■ **Problem to solve**:
Retype the records below from their first line through the line holding "Wyróżnieni uczniowie otrzymali", including both ends and no pictures.

(Saved data entries)

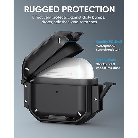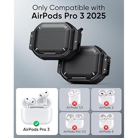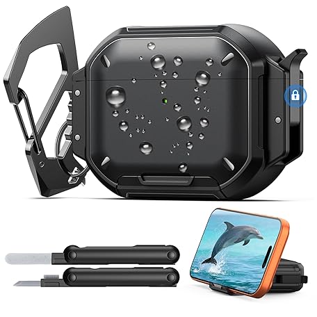 MoKo for AirPods Pro 3 Case with Lock & Metal Hook - IP68 Waterproof & Military-Grade Protection, Drop-Proof Hard Shell Protective Cover for AirPods Pro 3rd Gen with Cleaner Kit, Black
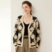 Ce cardigan boutonné en cachemire jacquard arbore un motif audacieux d'inspiration vintage, ajoutant une touche artistique à votre garde-robe. Doté d'un décolleté en V profond et d'une bordure côtelée contrastante, il offre une silhouette structurée et décontractée pour une superposition facile. Les boutons dorés apportent une touche raffinée, tandis que les épaules tombantes et le col montant
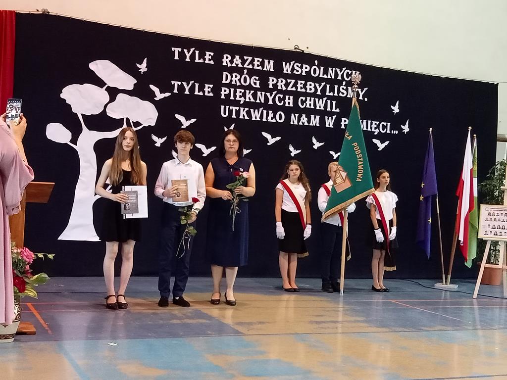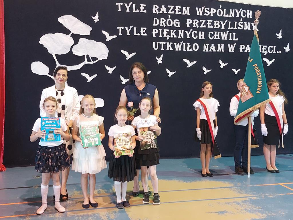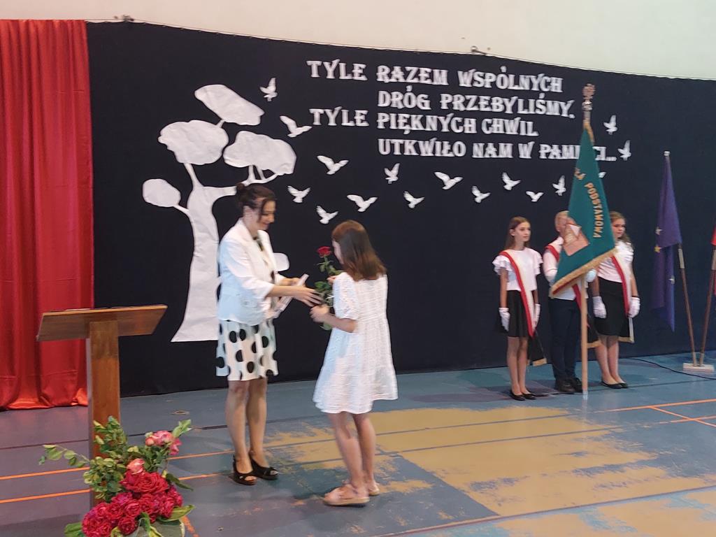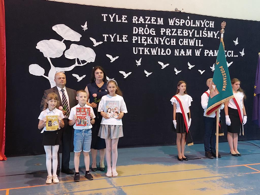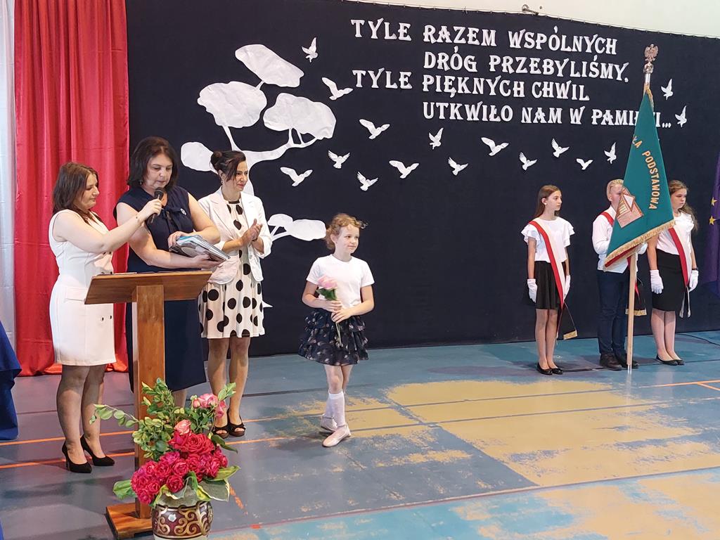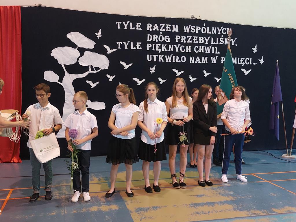 Wyróżnieni uczniowie otrzymali nagrody i dokonali wpisu do Złotej Księgi absolwentów szkoły, a ich rodzice – listy gratulacyjne. Wychowawca klasy ósmej – Anna Filipice wręczyła Świadectwa Ukończenia Szkoły pozostałym absolwentom.
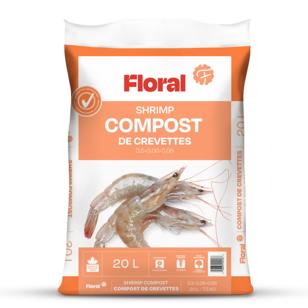Le compost de résidus de crevettes, un produit de compostage de qualité supérieure, est un engrais fertile idéal pour les plantes de grande valeur, les plantes d’appartement et pour celles qui sont cultivées dans des conditions difficiles comme dans les contenants et dans une plate-bande d’aménagement paysager au sol pauvre. C’est aussi un compost structurant pour les sols glaiseux et sablonneux qui permet même d’enrichir la terre servant au terreautage. Très populaire au Québec, le compost de crevettes est riche en matières organiques (humus et fumier), en éléments nutritifs de base (azote, phosphore et potassium) en plus de contenir plusieurs oligo-éléments.
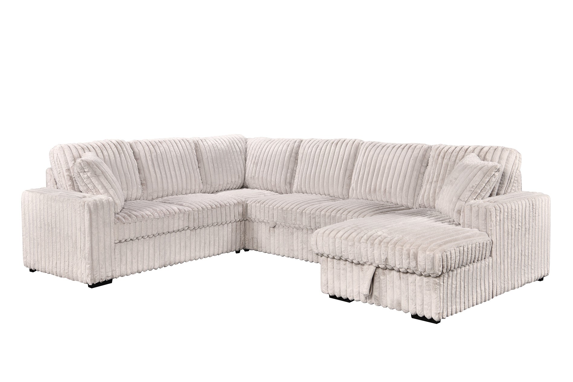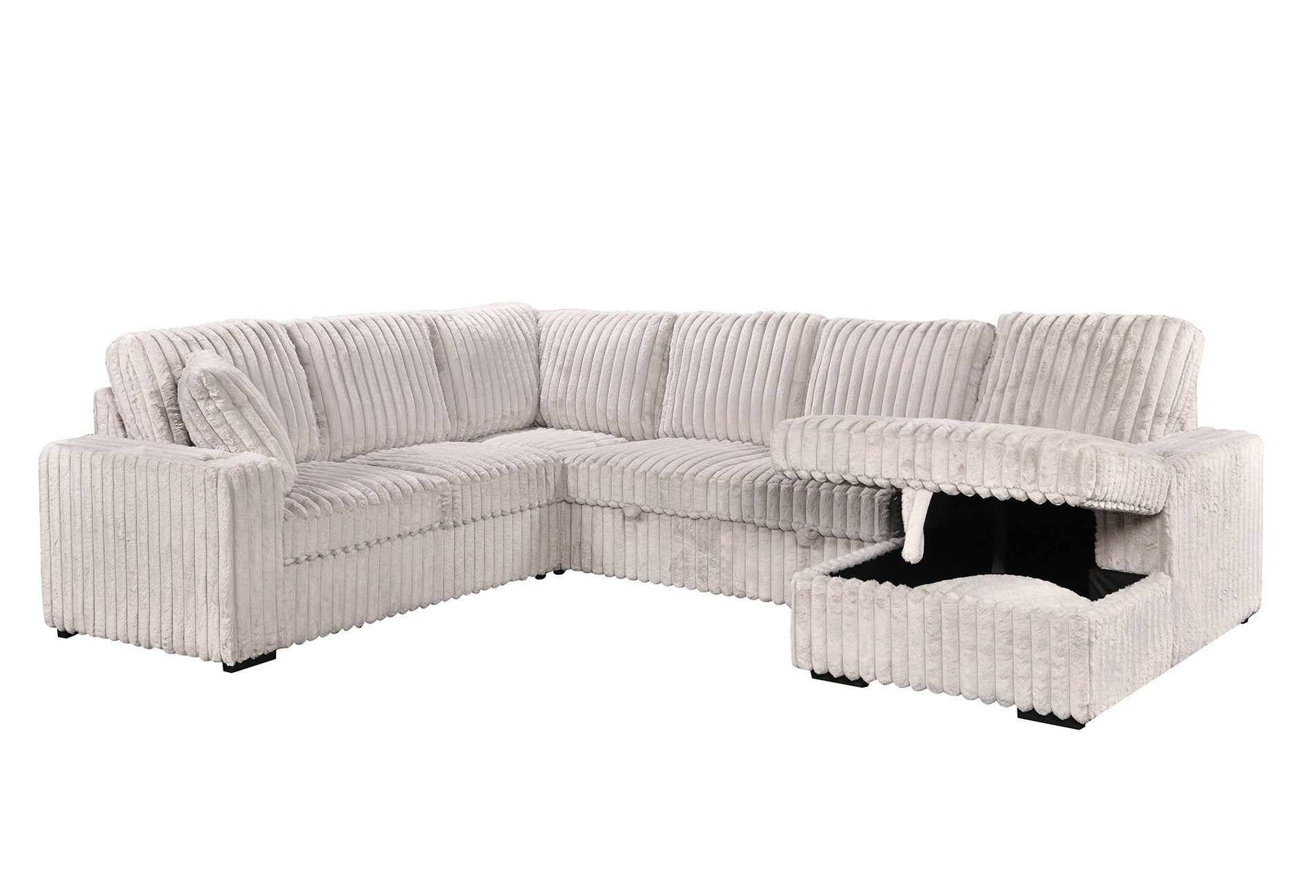 This multifunctional sectional easily converts into a pull-out sleeper, providing a convenient solution for overnight guests. Built-in storage within the chaise keeps blankets and essentials tucked away, while integrated cupholders add everyday convenience for relaxing or entertaining.
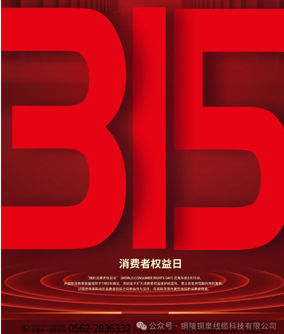 一年一度的315國(guó)際消費(fèi)者權(quán)益日如期而至,今年,中國(guó)消費(fèi)者協(xié)會(huì)將315主題定為“激發(fā)消費(fèi)活力”,旨在優(yōu)化消費(fèi)環(huán)境,推動(dòng)消費(fèi)從疫后恢復(fù)轉(zhuǎn)向持續(xù)擴(kuò)大。眼下,刺激消費(fèi)、激發(fā)活力,是經(jīng)濟(jì)發(fā)展的關(guān)鍵一步,在此背景下,切實(shí)保證消費(fèi)者合法權(quán)益變得愈發(fā)重要。銅泉線纜始終堅(jiān)守品質(zhì),始終秉承“以誠(chéng)拓市場(chǎng),用心鑄品牌”的經(jīng)營(yíng)理念,以匠心,贏誠(chéng)信;以責(zé)任,筑未來。315維權(quán)日我們不僅僅是參與者,更是責(zé)任的踐行者。在這個(gè)特別的日子里我們的承諾不會(huì)缺席。
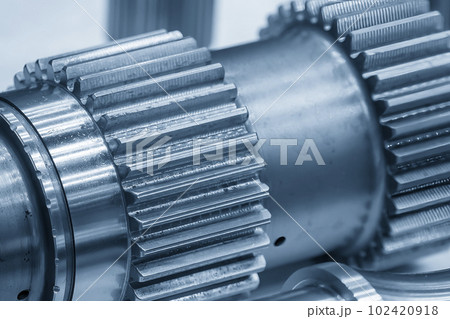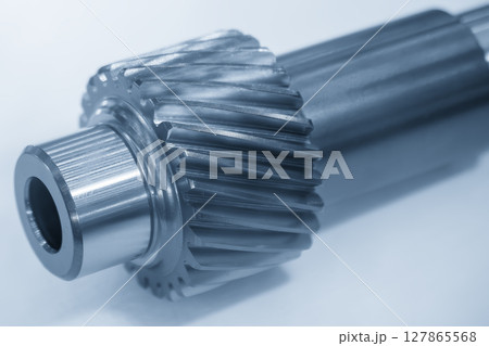 Close-up scene of transmission gear spare parts in the light blue scene.
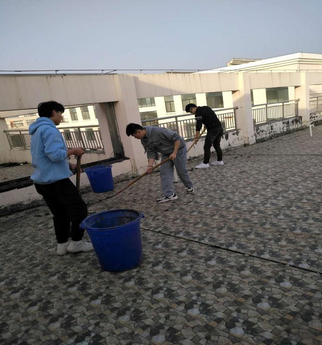 (图五 学生在5号楼进行楼顶卫生清扫)
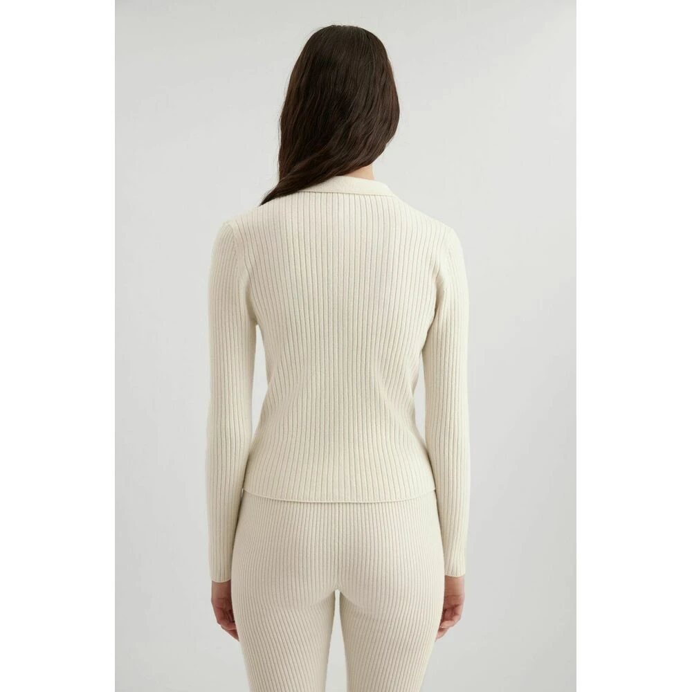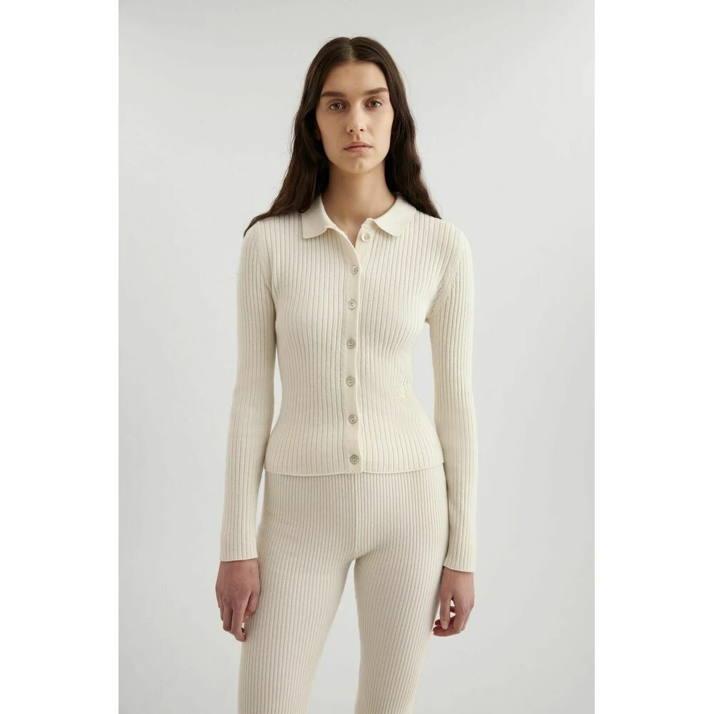 Signature Cardigan presenterer en feminin silhuett laget av et førsteklasses ullblandingsmateriale med en ribbet struktur. Cardiganen med knapper kommer med skallimiterte knapper og et tonalt A-broderi foran. Eugenia er 179 cm og har på seg størrelse S.
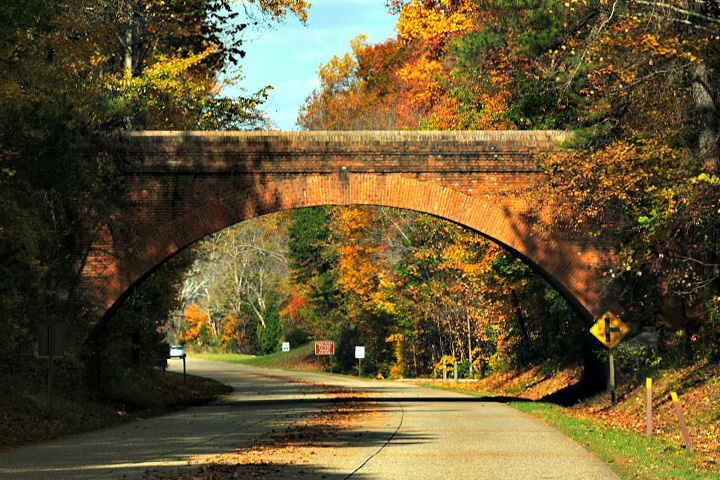 월요일이라 사모님은 조수석에서 '업무'에 바쁘셨기 때문에, 당시와 가장 비슷한 느낌의 사진을 한 장 가져왔다. 도로는 속도를 내지 못하도록 일부러 거친 자갈 콘크리트로 포장을 해놓고, 바닥에 아무 표시도 해놓지 않아서, 나무에서 떨어져 가운데 모인 낙엽들이 중앙선을 대신하고 있었다. 무엇보다 교차하는 일반 도로를 사진처럼 빨간 벽돌의 고가차도로 지나가도록 해놓아서 정말로 운전하는 내내 공원을 지나가는 특별한 느낌이었다.
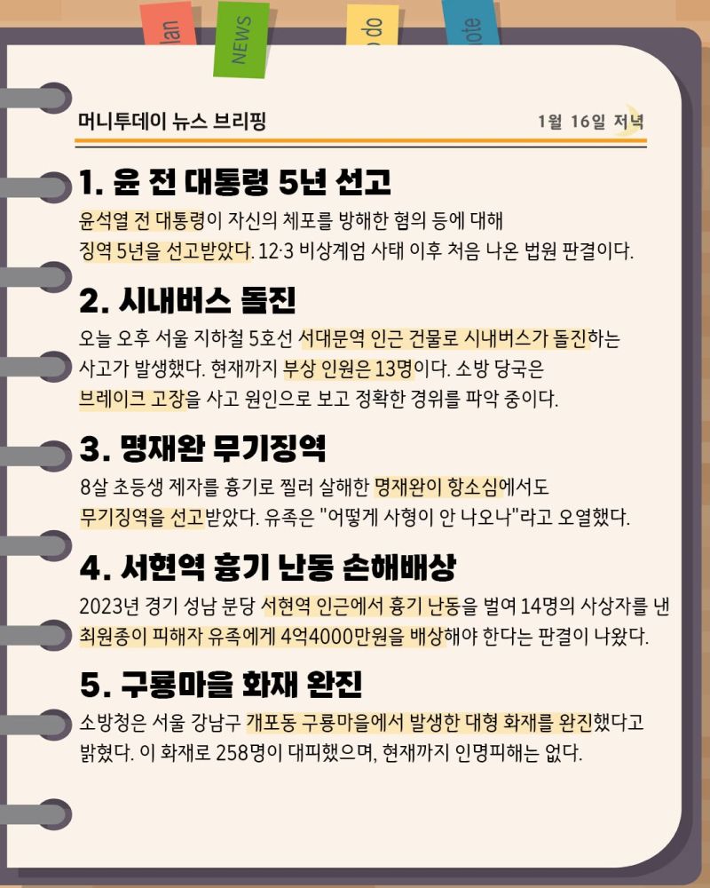 ] 머니투데이 뉴스 브리핑(1월15일아침)
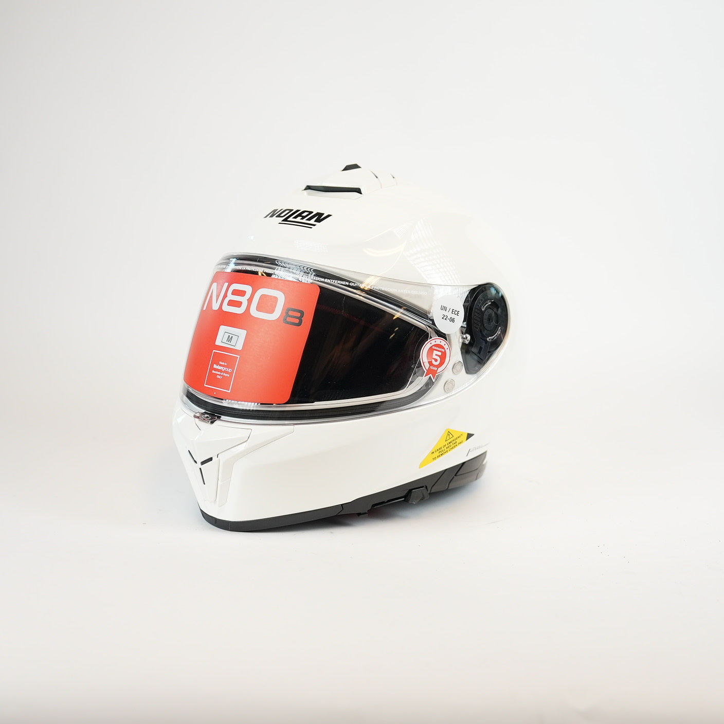 Nolan N808 är en full-face hjälm med skal i högstyrkig polykarbonat (Lexan), certifierad enligt ECE22.06 och DOT, vilket innebär modern, strikt säkerhetsstandard.
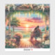 This dreamy illustration captures a serene and romantic moment as a couple sits together on a wooden bench beneath a flower-draped pergola, watching the sun melt into a radiant coastal horizon. The scene is bathed in warm sunset hues—corals, golds, and soft purples—that reflect a tranquil, folk-inspired countryside charm. Lush blooms in shades of blush, peach, and cream surround the porch, adding to the cottagecore atmosphere. Delicate architectural details, gentle lighting, and the embracing silhouettes create an aesthetic that’s both nostalgic and heartwarming. Ideal for evoking peaceful, sentimental moods, this artwork blends romantic realism with a touch of soft whimsy. AI generated artwork.

■ **Result of the task**:
 MoKo for AirPods Pro 3 Case with Lock & Metal Hook - IP68 Waterproof & Military-Grade Protection, Drop-Proof Hard Shell Protective Cover for AirPods Pro 3rd Gen with Cleaner Kit, Black
 Ce cardigan boutonné en cachemire jacquard arbore un motif audacieux d'inspiration vintage, ajoutant une touche artistique à votre garde-robe. Doté d'un décolleté en V profond et d'une bordure côtelée contrastante, il offre une silhouette structurée et décontractée pour une superposition facile. Les boutons dorés apportent une touche raffinée, tandis que les épaules tombantes et le col montant
 Wyróżnieni uczniowie otrzymali nagrody i dokonali wpisu do Złotej Księgi absolwentów szkoły, a ich rodzice – listy gratulacyjne. Wychowawca klasy ósmej – Anna Filipice wręczyła Świadectwa Ukończenia Szkoły pozostałym absolwentom.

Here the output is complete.